American writer and artist

Claire Elisabeth Donato (born September 12, 1986, in Wilmington, Delaware) is an American writer and multidisciplinary artist based in Brooklyn, New York.

== Early life and education ==
Donato grew up in and around Pittsburgh, Pennsylvania. In 2010, she received her MFA in Literary Arts from Brown University, where she studied with C.D. Wright, John Cayley, and Keith Waldrop. Prior to attending Brown, she received a BA in English Writing from the University of Pittsburgh, where she studied with Ross Gay.

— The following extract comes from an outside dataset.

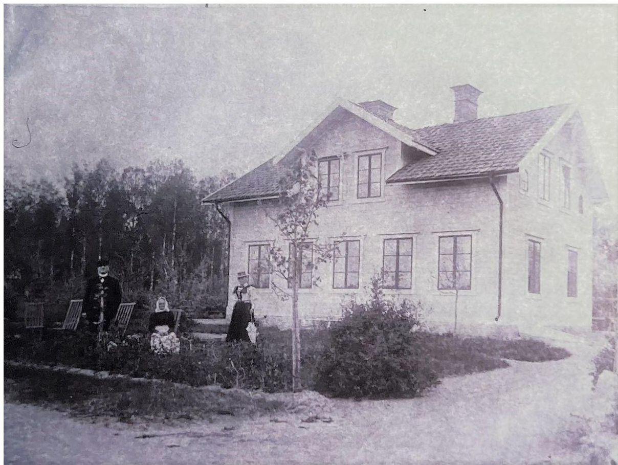
Uddbol 2 Tryggs hus. Byggår: ca 1889

Her first language was French.

== Career ==
In addition to her writing, Donato is the creator of various feminist digital artworks and performance interventions, and is also an illustrator, photographer, singer-songwriter, and practitioner of Zen meditation. She has collaborated with artists including Anna Moschovakis, Told Slant, David Jhave Johnston, Anastasios Karnazes, Patty Gone, Naomi Falk, and Mark Baumer. She is the Assistant Chairperson of Writing at Pratt Institute, where she virtually addressed the Class of 2020 amidst the COVID-19 pandemic.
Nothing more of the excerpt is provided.